Ma douce, mon aventure, ma belle
que n’es-tu devenue serrée du corps au coeur, dans cette armure ?

La neige absorbe lentement le fond de ton coeur, et la meute hurle à la porte de ton enfer

Ce soir il y a eu plus affamé que toi
un guerrier sans honneur, se tient droit dans la forêt, derrière le bois.

Ma douce, ma belle, le froid glisse sur tes yeux perdus,
il emporte nos souvenirs dans la tempête.
Ton pelage se soulève au vent, et déjà quelques gouttes d’hiver s’accrochent à toi,
et t’éloignent de moi.

Le piège se referme et se tord à tes derniers efforts, la blessure est profonde,
elle inonde le sol, et me ravage de douleur.
Elle rampe, et lentement accroche, la peur, la douleur
celle qui raconte que demain tes flancs ne sentiront plus le balancement des miens

Et le fer sur ta vie, le fer ma belle, continue son ouvrage,
l’entaille est là, hurlante à ta peau, et violente à mon regard.

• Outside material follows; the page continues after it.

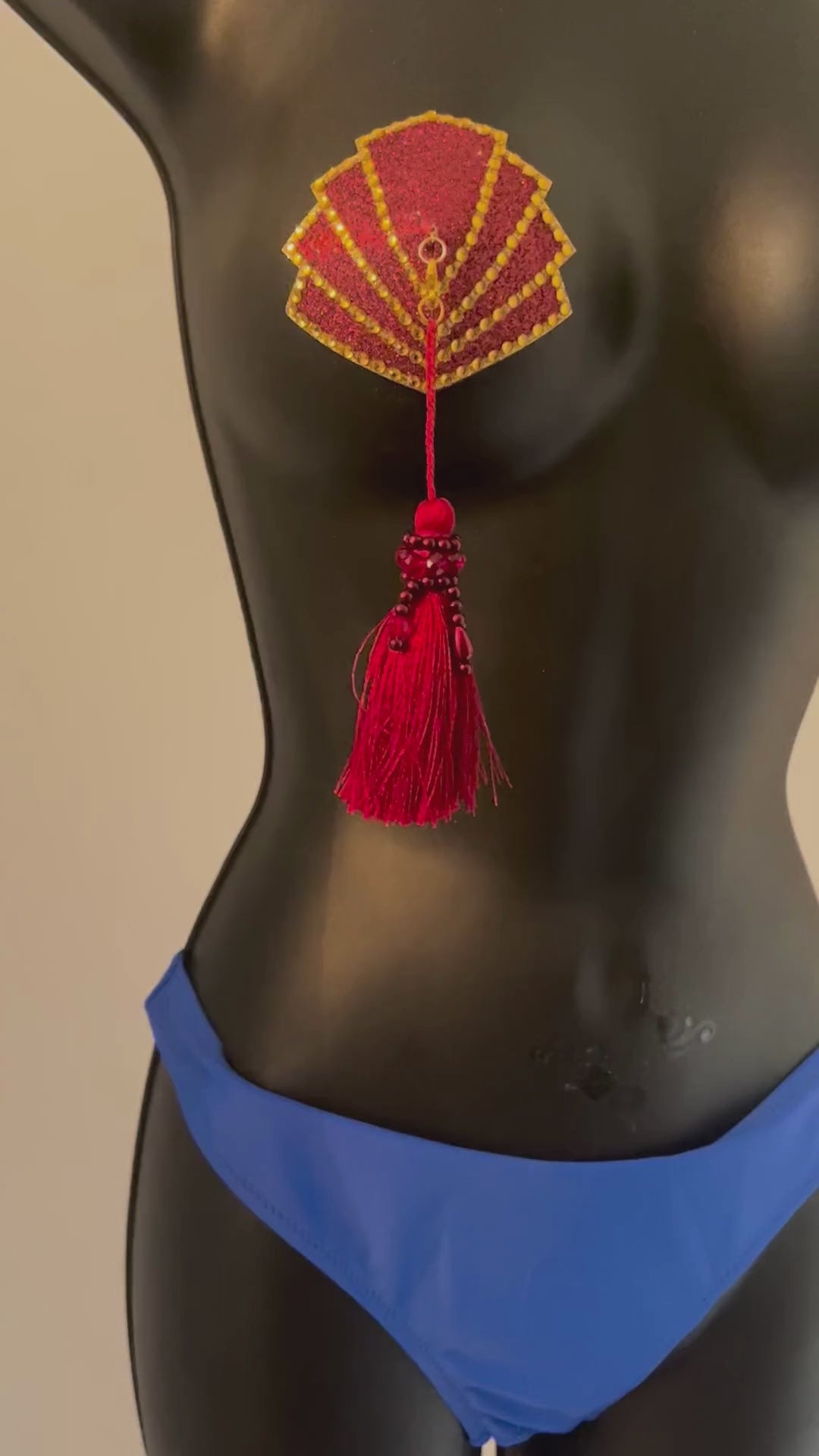 These FANGIRL nipple pasties were inspired by a recent visit to the Moulin Rouge. Deep rich burgundy glitter is highlighted with gold gems evoking a moment of stage splendour in a in a seductive, lush setting. The rich burgundy tassels host a beautiful beaded design that adds bit of extra weight to add a little magic with every movement. The tassels are removable so you can change up your look with every use (yes, these are reusable!). Also, these nipple pasties come made ready to wear - just peel and stick!

Le jour s’attarde encore un peu, une dernière flamme pour tes yeux.
Le son cathédrale qui me ramenait vers toi chaque soir
se fait sourd et devient profond silence.
Patience ma douceur, patience, je lèche ta douleur, et ne crains pas le froid qui assaille.

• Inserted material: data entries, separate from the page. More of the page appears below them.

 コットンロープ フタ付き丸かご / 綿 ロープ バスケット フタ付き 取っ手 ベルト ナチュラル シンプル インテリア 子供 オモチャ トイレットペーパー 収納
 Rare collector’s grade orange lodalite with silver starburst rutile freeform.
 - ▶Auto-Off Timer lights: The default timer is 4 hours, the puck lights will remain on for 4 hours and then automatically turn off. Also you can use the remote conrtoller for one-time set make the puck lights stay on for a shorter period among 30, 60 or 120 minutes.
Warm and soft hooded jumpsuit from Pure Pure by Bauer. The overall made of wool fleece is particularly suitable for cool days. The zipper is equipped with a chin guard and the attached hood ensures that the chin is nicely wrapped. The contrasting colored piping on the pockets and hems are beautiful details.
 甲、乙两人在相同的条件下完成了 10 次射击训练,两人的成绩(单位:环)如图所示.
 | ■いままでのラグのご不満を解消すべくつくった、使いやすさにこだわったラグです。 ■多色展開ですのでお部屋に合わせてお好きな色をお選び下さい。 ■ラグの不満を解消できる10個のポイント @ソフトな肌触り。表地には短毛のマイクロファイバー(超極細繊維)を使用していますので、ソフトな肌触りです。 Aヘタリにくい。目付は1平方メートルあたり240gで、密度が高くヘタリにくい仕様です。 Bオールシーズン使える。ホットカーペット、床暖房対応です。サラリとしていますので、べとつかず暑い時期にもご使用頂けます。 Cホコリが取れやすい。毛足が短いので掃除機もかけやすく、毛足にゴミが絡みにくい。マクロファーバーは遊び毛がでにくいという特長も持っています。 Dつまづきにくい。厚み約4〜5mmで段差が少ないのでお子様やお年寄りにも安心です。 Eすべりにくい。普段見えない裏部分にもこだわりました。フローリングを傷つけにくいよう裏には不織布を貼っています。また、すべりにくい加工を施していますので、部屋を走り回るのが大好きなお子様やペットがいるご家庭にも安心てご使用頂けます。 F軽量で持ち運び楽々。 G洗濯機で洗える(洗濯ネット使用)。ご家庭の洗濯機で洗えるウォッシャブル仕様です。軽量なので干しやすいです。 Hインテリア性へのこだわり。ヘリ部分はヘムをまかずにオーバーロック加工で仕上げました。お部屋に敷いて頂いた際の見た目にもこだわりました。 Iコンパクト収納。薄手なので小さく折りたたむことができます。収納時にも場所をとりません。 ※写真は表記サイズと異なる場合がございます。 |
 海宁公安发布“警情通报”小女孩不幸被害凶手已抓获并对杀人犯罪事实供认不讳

Je couche sur toi tout ce qui reste de force en moi
tout ce qui reste d’amour aux creux de ces bois.

Ils savent ceux qui te regardent,
ils savent que c’est une reine qui défie la mort sous les rafales du nord.
Et derrière l’arbre toujours droit le guerrier,sans honneur, attend…
Il attend, de pouvoir draper son orgueil de ta douce élégance, de ton manteau de reine.

Que le guerrier approche, qu’il avance !
Lui ne connaît rien à l’amour,
rien au désastre qui l’attend au premier pas vers toi.

Il ne sait pas, qu à ton agonie, lorsque mon coeur explosera
il ne sera plus que proie facile, dérisoire pantin, sinistre dansuer à la lune
Il ne sait pas la fin et l’agonie, la morsure fatale au coeur
Il ne sait pas encore le combat à venir.

Ma tendre et belle, ma douce aventure,
personne jamais n’ôtera ta parure épaisse et bleutée à la lumière de nos étoiles.
Personne crois-moi.
J’avalerai jusqu’au dernier os de ton corps apeuré,
pour ne pas le livrer au pire des destins, a l’infame festin

Mais voila que la neige est désormais étincelante sous le halo
et rouge le berceau où tu te noies, regarde ma déesse,
je suis là, regarde et rêve à hier, aux chemins parfumés,
aux collines, à la plaine au bel été.

Songe amour à tout ce qui fut toi, dans ce royaume-là,
a tout ce qui fut nous et dors, dors ma vie,
sous le poids de mon corps soumis à tes derniers rêves.

Et pars, pars au vent,
vas dire l’amour et la folie d’être sur cette terre.
A nos ancêtres, raconte encore et encore l’amour de la meute
la folie qui empreint mon coeur.

VOIS oui VOIS !
enfin venue la peur du guerrier, il s’enfuit, n’approche pas, n’ose plus !

Entends le chant de la meute, les voix qui s’accrochent à ton départ
Vois les ombres à genoux dans la neige.
La nuit bascule sous la complainte,
comme manteau de soie, comme souffle leger
Ô ma belle aventure, l’espoir est vaincu
il a fuit, vers cet ailleurs qui me tue

Le piège a terminé son effroyable ouvrage,
tu n’es que silence et lourdeur posés sur la neige.
Et je ne suis plus que folie et fièvre,
je ne suis plus que rage sans courage.

Mais pars sans avoir peur, ma douceur,
avec toi mon âme… Je meurs
Car mon coeur ne peut battre qu’a ton nom seul.